Des années 1950 à l’an 2000 : commercialisation, modernisation et centralisation

La pêche artisanale, les villages côtiers et tout un mode de vie sont en déclin, disparus sinon menacés. Malgré l’avènement du chalut-senneur sur les côtes québécoises au début des années 1950, plusieurs méthodes de pêche traditionnelle sont encore vivantes comme les pêcheries fixes, les lignes traînées, les lignes dormantes et les filets maillants. Au tournant des années 1960, le Bureau d’aménagement de l’Est du Québec élabore une stratégie de pêche statuant que la petite pêche côtière et les ateliers artisanaux produisant du poisson salé/ séché ont fait leur temps : «The closure of all unproductive and low value fisheries», écrit-on. Priorité est donnée à la pêche semi-hauturière et à l’usinage de produits congelés.
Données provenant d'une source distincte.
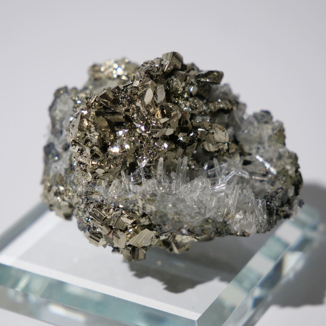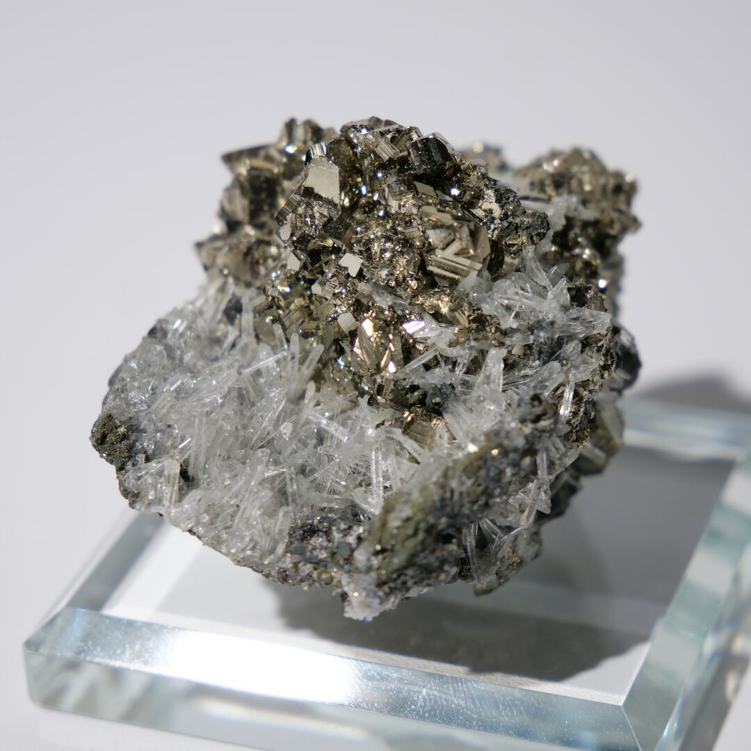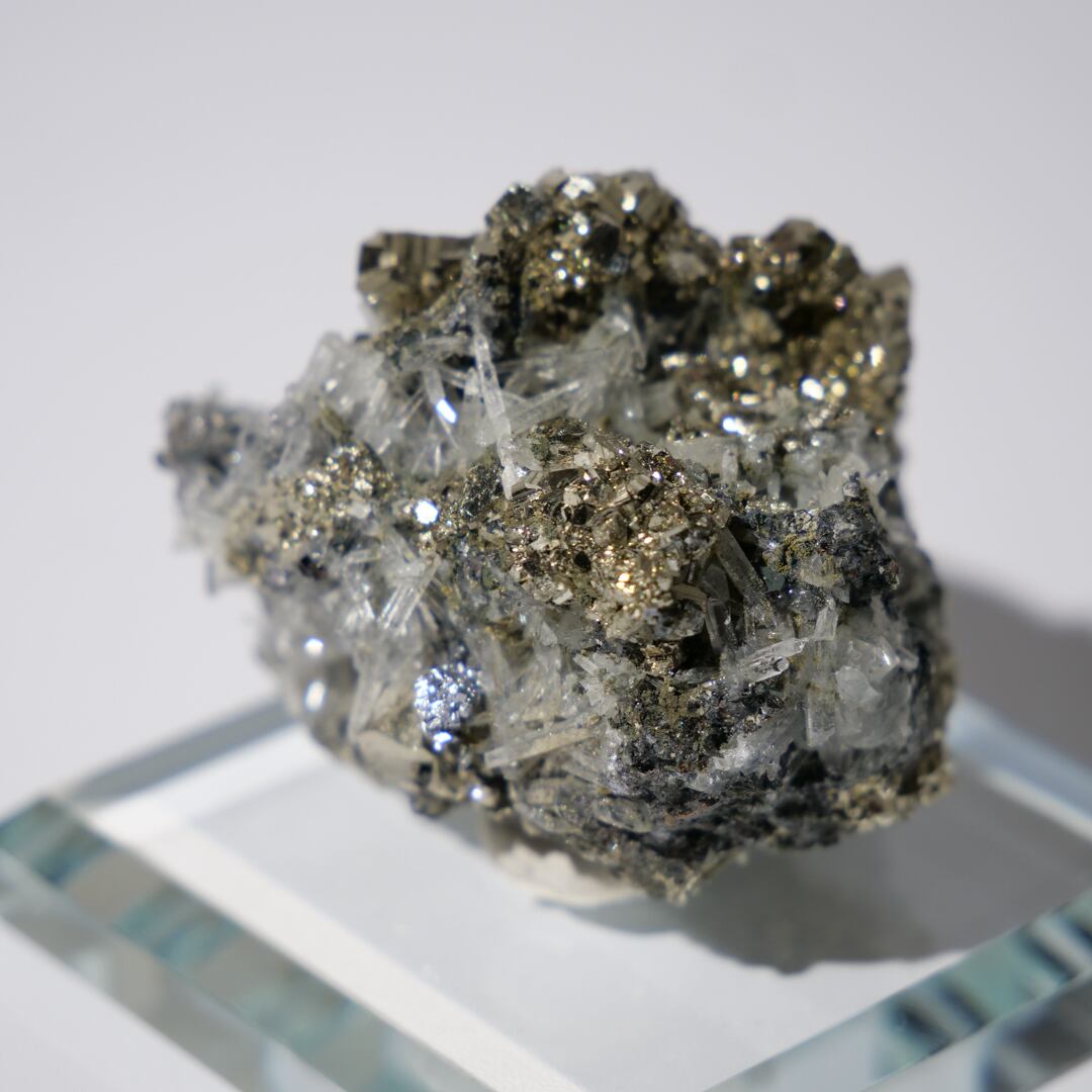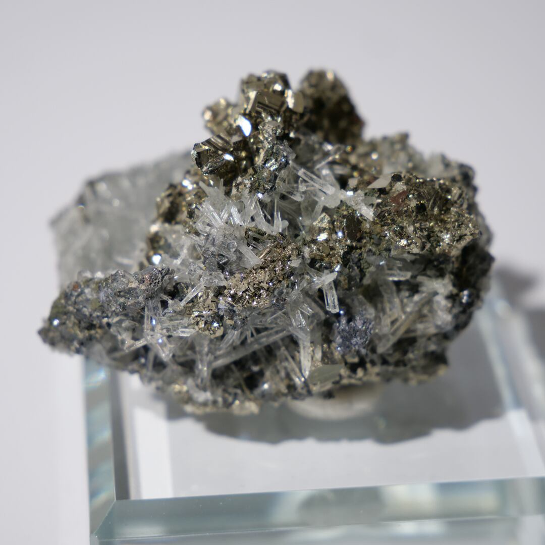 霜柱のように細いクォーツが細かなパイライトの結晶を包み込み

Dans les années 1970 et 1980, le gouvernement fédéral démantèle des structures fédérales de recherche dont celle de Grande-Rivière mais il crée une zone canadienne de pêche exclusive de 200 milles marins (1977). Retour du pendule : on a trop pêché. Le hareng, le sébaste et la morue sont en baisse de population. On se tourne à nouveau vers des produits salés-séchés tout en intensifiant la pêche aux mollusques et crustacés. Le gouvernement du Québec paie des pêcheurs pour aller en Scandinavie apprendre de nouvelles techniques de pêche à l’anguille. Au début des années 1980, une crise éclate. Le ministre fédéral des

Pêcheries dénonce l’entente de 1922 et rapatrie unilatéralement à Ottawa la gestion des activités en mer. Arbitre du partage entre les provinces, le fédéral impose des quotas, statue sur les saisons et les zones de pêche. Mais on ne réussit pas à assurer la reproduction de toutes les espèces malgré l’adoption d’un Loi sur les pêches (1985). Quant au gouvernement du Québec, il assure principalement la gestion de la pêche sportive et commerciale en eau douce et l’aquaculture.
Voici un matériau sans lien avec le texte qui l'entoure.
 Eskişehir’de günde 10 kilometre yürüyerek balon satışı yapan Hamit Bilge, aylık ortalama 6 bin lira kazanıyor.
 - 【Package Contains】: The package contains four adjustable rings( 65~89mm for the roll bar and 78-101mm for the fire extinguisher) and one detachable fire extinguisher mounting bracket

Du milieu des années 1980 au milieu des années 1990, les poissons de fond restent importants mais on diversifie les captures et on augmente les prises de crevettes et de crabe des neiges. Dans les années 1990, la communauté scientifique sonne l’alarme alors que les technologies explosent tout comme la professionnalisation du métier de pêcheur. D’ailleurs, en raison d’une clause grand-père adoptée en 1993, les pêcheurs actifs avant cette date ne sont pas tenus de suivre diverses formations. Il y a donc séparation entre les pêcheurs d’avant et d’après 1993.

En 1994, près de la moitié des stocks de poissons de fond de l’Atlantique canadien dont la morue, la plie canadienne et grise, le sébaste sont fermés à la pêche. Dans la foulée du Sommet de la Terre de Rio (1992), un Code de conduite canadien pour une pêche responsable est édicté (1998) qui implique l’utilisation de méthodes de pêche sélectives et non destructrices.
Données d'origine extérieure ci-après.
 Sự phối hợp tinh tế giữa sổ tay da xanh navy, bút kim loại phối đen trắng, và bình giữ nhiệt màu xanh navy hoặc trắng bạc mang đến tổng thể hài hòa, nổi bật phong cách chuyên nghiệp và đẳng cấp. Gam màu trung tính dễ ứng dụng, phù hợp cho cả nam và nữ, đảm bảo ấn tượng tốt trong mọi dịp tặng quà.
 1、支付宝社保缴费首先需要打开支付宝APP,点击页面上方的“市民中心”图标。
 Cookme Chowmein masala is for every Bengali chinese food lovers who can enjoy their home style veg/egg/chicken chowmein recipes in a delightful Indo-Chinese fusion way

Les années 2000 : vers une éco-responsabilité

D’importants changements marquent les années 2000. L’artisan-pêcheur et sa cellule familiale élargie sont marginalisés comme acteurs économiques. En 2016, l’économie des pêches québécoises repose sur trois espèces, le crabe des neiges, le homard et les crevettes alors que le buccin, le concombre de mer ou la mye commune prennent de l’importance, au détriment des poissons de fond dont la quantité des stocks est devenue marginale, pour le commerce.

Aujourd’hui, de nombreux groupes de défense de l’environnement font appel aux consommateurs et les orientent vers des produits éco-responsables, invitant ainsi les décideurs et les acteurs de la pêche, de la transformation et de la distribution à adopter des pratiques conformes à la notion de pêche durable.